*** Opening of Data listing ***

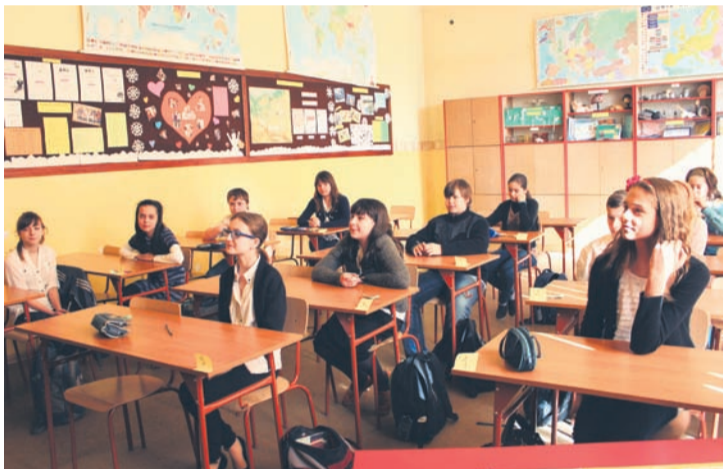
Rudzcy uczniowie mogli sprawdzić swoją wiedzę historyczną, matematyczną oraz przyrodniczą.

To najlepszy sposób na sprawdzenie swojej wiedzy oraz przygotowanie się do nauki na kolejnych poziomach. Właśnie zakończyła się IX Edycja Olimpiad Przedmiotowych Szkół Podstawowych w Rudzie Śląskiej, w której swój udział w poszczególnych konkursach zgłosiło 20 placówek z całego miasta. Olimpiada jest okazją, aby rudzcy uczniowie mogli sprawdzić swoją wiedzę z przedmiotów takich jak: historia, język angielski, język polski, matematyka, przyroda i informatyka.
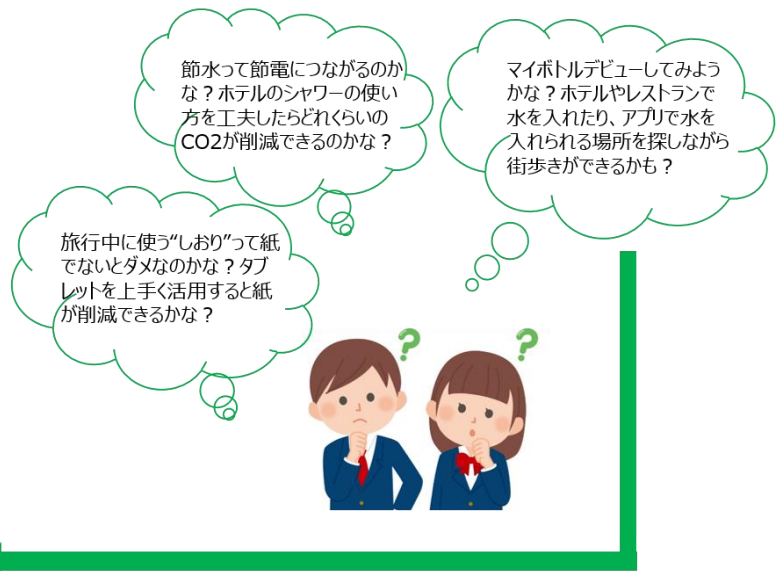
生徒が自ら考えた項目をBINGOに入れる

一連の学習の流れについて「カーボンスタディ」ワークキット利用のための説明オリジナル動画をご用意しています。
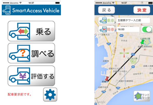
図3: 第2回実験に用いたユーザ App の画面 (左はホーム、右はリクエスト中)

車載 App (図4) では、乗車 (赤) と降車 (緑) を色分けし、地図上の地点表示との対応付けが容易になるようにした。また左端に「休憩」「呼び出し」のボタンを配置した。ドライバからの「休憩」リクエストが入ると配車システムはその SAV に新たなデマンドを割り付けない。乗車中の乗客がすべて降車した時点でドライバは休憩に入れる。休憩モードに入るとこのボタンは「運行開始」に変わる。つまり、有効なボタンだけを表示 *6 するようにした。「呼び出し」は乗客が見つからないなどのトラブルのときに配車センターに連絡するためのボタンである。
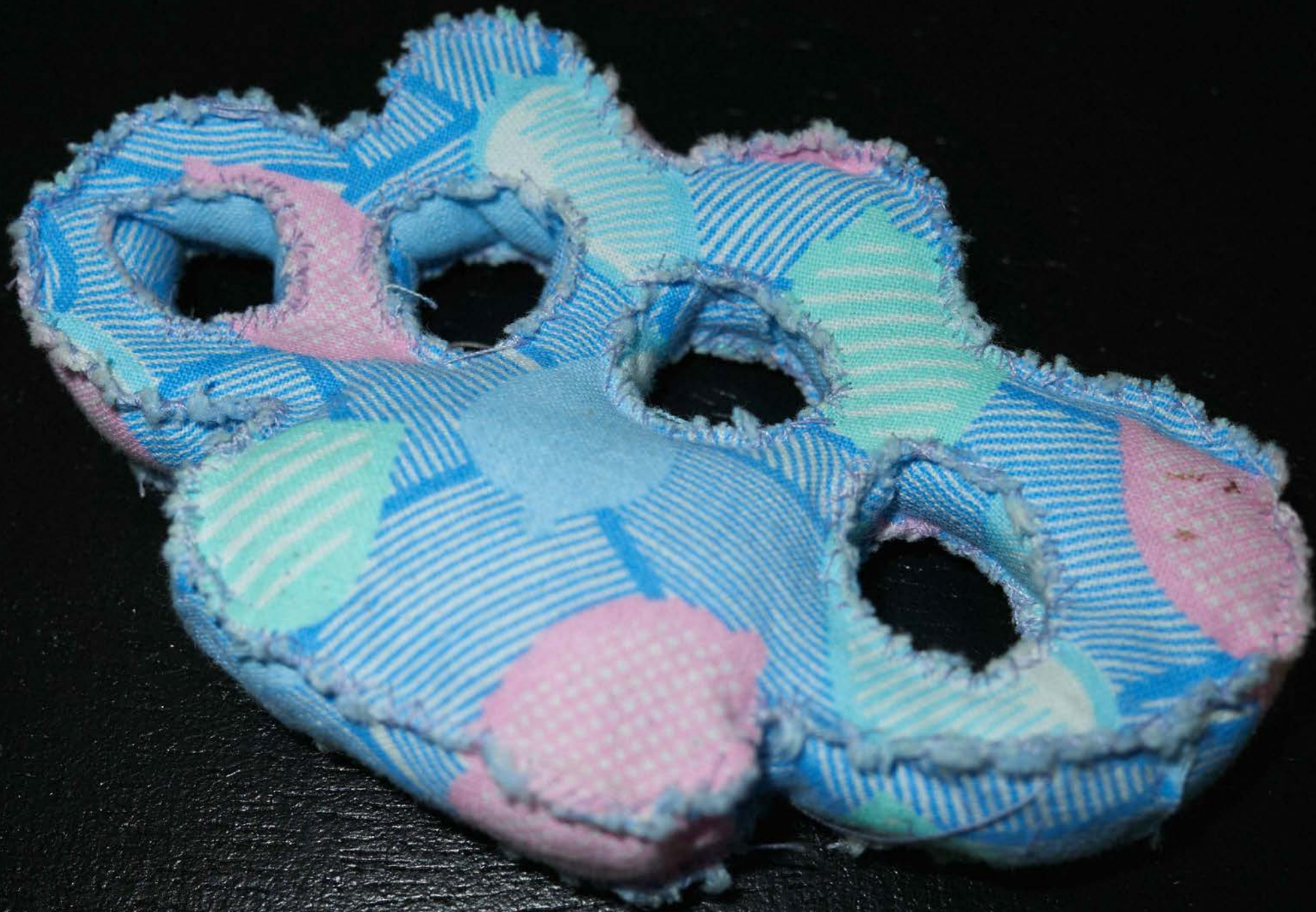
TOUCH IT ON THE SURFACE (2022) ca. 15 x 8 x 2cm, Stoff, Garn, Füllmaterial

*** Close of Data listing ***

Task instructions>
In the records above, which lines hold the string "mogli"? Copy each one.

Task solution>
Rudzcy uczniowie mogli sprawdzić swoją wiedzę historyczną, matematyczną oraz przyrodniczą.
To najlepszy sposób na sprawdzenie swojej wiedzy oraz przygotowanie się do nauki na kolejnych poziomach. Właśnie zakończyła się IX Edycja Olimpiad Przedmiotowych Szkół Podstawowych w Rudzie Śląskiej, w której swój udział w poszczególnych konkursach zgłosiło 20 placówek z całego miasta. Olimpiada jest okazją, aby rudzcy uczniowie mogli sprawdzić swoją wiedzę z przedmiotów takich jak: historia, język angielski, język polski, matematyka, przyroda i informatyka.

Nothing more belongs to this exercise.